Hello, I have been working on a code for work and I found an odd glitch in my regular expression. I am looking through several blocks of texts for the Titles of some documents. The first title is "Screening Ligands by X-ray Crystallography." The text with that clearly has Screening Ligands by X-ray Crystallography in it. However, my regualr expression (below) does not pick it up. I have removed the 40 lines of code before this for brevities sake.

#!/usr/bin/perl use warnings; use strict; use feature qw(say); ... ... if ($text =~ /Screening Ligands by X ray Crystallography/) { say "MATCH!"; } else { say "NOPE!"; } }
However, if I do the code below, I do get a match.
if ($text =~ /Screening Ligands by/) { say "MATCH!"; } else { say "NOPE!"; } }
I have narrowed down the issue to the "-" I think. However, I can't search for the titles without the "-" as maybe 2/3rds of them have it. Any thoughts on how to get around this?

EDIT: Based on what you all wrote, I began looking at a few of the others that were failing and have proven its not the "-" Its still not working correctly, but I at least know its not what I thought. I may even know what the issue is, but I'll need to run some tests. I think it may be an issue from the original titles not matching what's actually in the document.

Replies are listed 'Best First'.
Re: Regular Expression Hiccup
by hdb (Monsignor) on May 04, 2015 at 20:48 UTC

    There are also different capitalizations of "crystallography" in this thread. Have you tried matching case-insensitive?
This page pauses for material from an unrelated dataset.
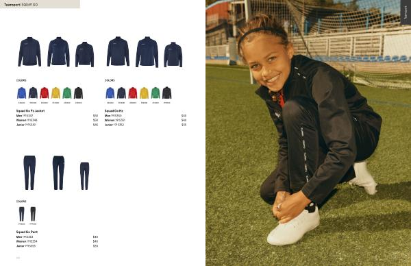 COLORS 346000390000430000552000651000999000 Squad Go Fz Jacket $ 50 $ 50 $ 45 Men 1915347 Junior 1915349 Women 1915348 COLORS 346000390000430000552000651000999000 Squad Go Hz $ 40 $ 40 $ 35 Men 1915350 Junior 1915352 Women 1915351 COLORS 390000999000 Squad Go Pant $ 40 $ 40 $ 35 Men 1915353 Junior 1915355 Women 1915354 22 Teamsport | SQUAD GO

    if ($text =~ /Screening Ligands by X-ray Crystallography/i) { say "MATCH!"; } else { say "NOPE!"; }
Re: Regular Expression Hiccup
by Corion (Patriarch) on May 04, 2015 at 19:40 UTC
    /X ray/

    will never match

    "X-ray"

    If you want a placeholder, the dot (".") is the placeholder character in regular expressions (perlre).

Re: Regular Expression Hiccup
by GotToBTru (Prior) on May 04, 2015 at 20:22 UTC

    Some titles have "X-ray" and some have "X ray"?
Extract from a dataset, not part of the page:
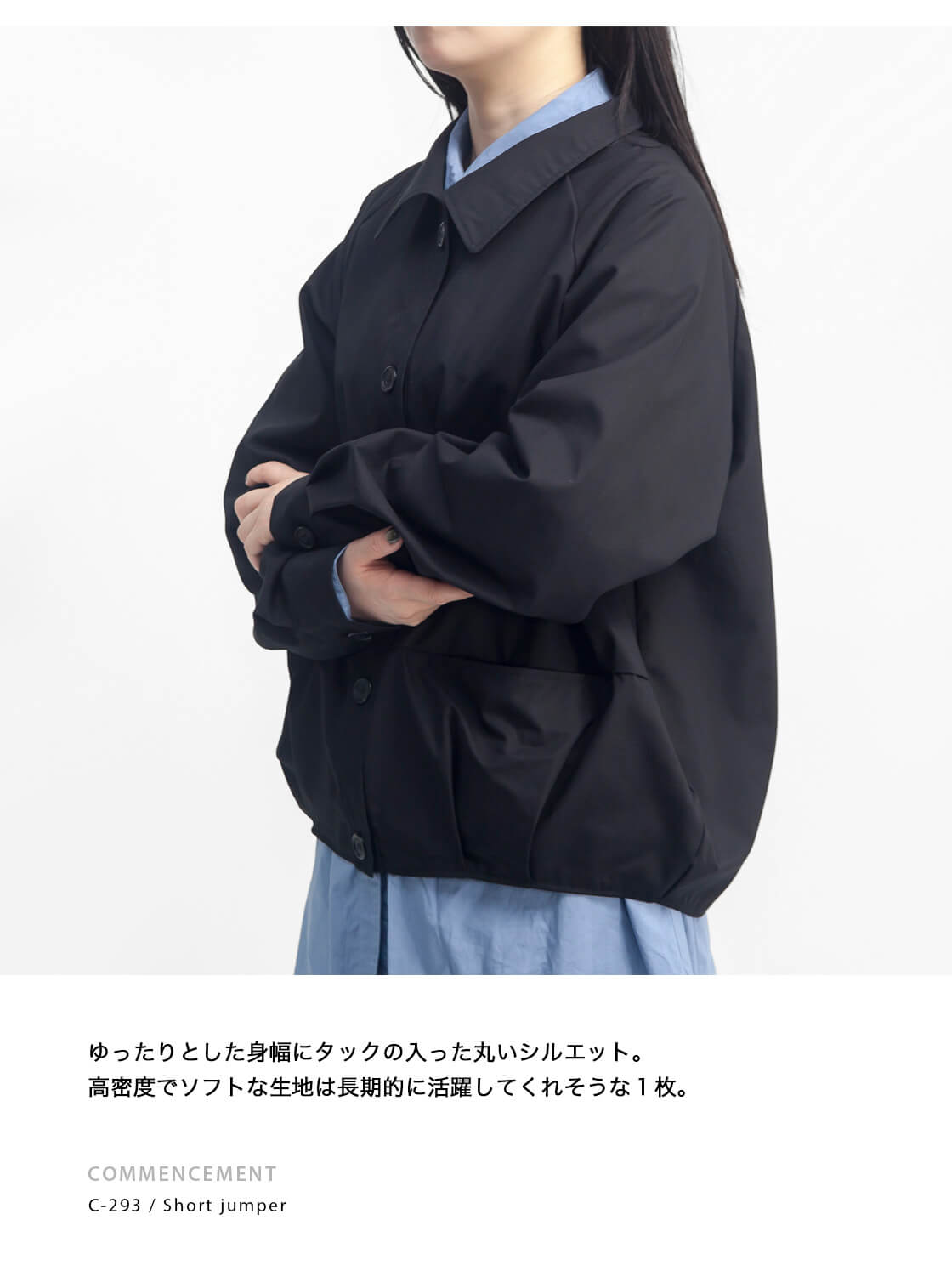 COMMENCEMENT(コメンスメント)より、高密度でソフトな生地を使用したゆったりとした身幅のショート丈ジャンパーをご紹介。

    if ($text =~ /Screening Ligands by X[ -]ray Crystallography/) { say "MATCH!"; } else { say "NOPE!"; } }

    The square brackets contain a list of characters; if any one of them matches $text at that spot, the match succeeds.

    Dum Spiro Spero
Re: Regular Expression Hiccup
by graff (Chancellor) on May 05, 2015 at 04:53 UTC
    Depending on where the data is coming from (and if you happen to be dealing with utf-8 encoded text), it's possible that you may be dealing with a "hyphen-like" character that is not the traditional ASCII hyphen (\x2d) - it could be any of [\x{2010}\x{2011}\x{2013}\x{2014}] ("hyphen", "non-breaking hyphen", "em dash", "en dash").
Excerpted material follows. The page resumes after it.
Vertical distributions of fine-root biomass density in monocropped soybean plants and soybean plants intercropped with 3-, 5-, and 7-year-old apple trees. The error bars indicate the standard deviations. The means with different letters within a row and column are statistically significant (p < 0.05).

    In that case, provided that you are correctly ingesting the text data as utf8, using the regex "dot" wildcard (and ignoring case distinctions) is The Right Thing:  /x.ray/i

Re: Regular Expression Hiccup
by Laurent_R (Canon) on May 04, 2015 at 20:18 UTC
    The dash (or hyphen) has no special meaning in general regular expressions (except in character classes). So there is absolutely no problem with:
    if ($text =~ /Screening Ligands by X-ray Crystallography/) { say "MATCH!"; } else { say "NOPE!"; }
    Please note that the code you showed has an extra closing curly brace.

    I also agree with Anonymous Monk that a regex might not be the ideal solution for your problem. The index built-in is likely to work faster, and the use of a hash might also be considered, but we don't know enough about what you are trying to do to be able to help you more precisely.

    Je suis Charlie.
Re: Regular Expression Hiccup
by Anonymous Monk on May 04, 2015 at 19:50 UTC

    Literal strings in regular expressions must match character-for-character. The "-" is just as significant as any other character, it isn't discarded or ignored "just because". A "-" is different from " ", so there's no match.

    Perhaps more importantly, what is it you are trying to accomplish? If you already know what you are looking for, verbatim, then there is no reason to search via regex, or even string cmp. Just place your titles in some hash structure, or a database, or whatever. Indices and searches are for looking up records by subfield or substring ie smaller parts of the full record.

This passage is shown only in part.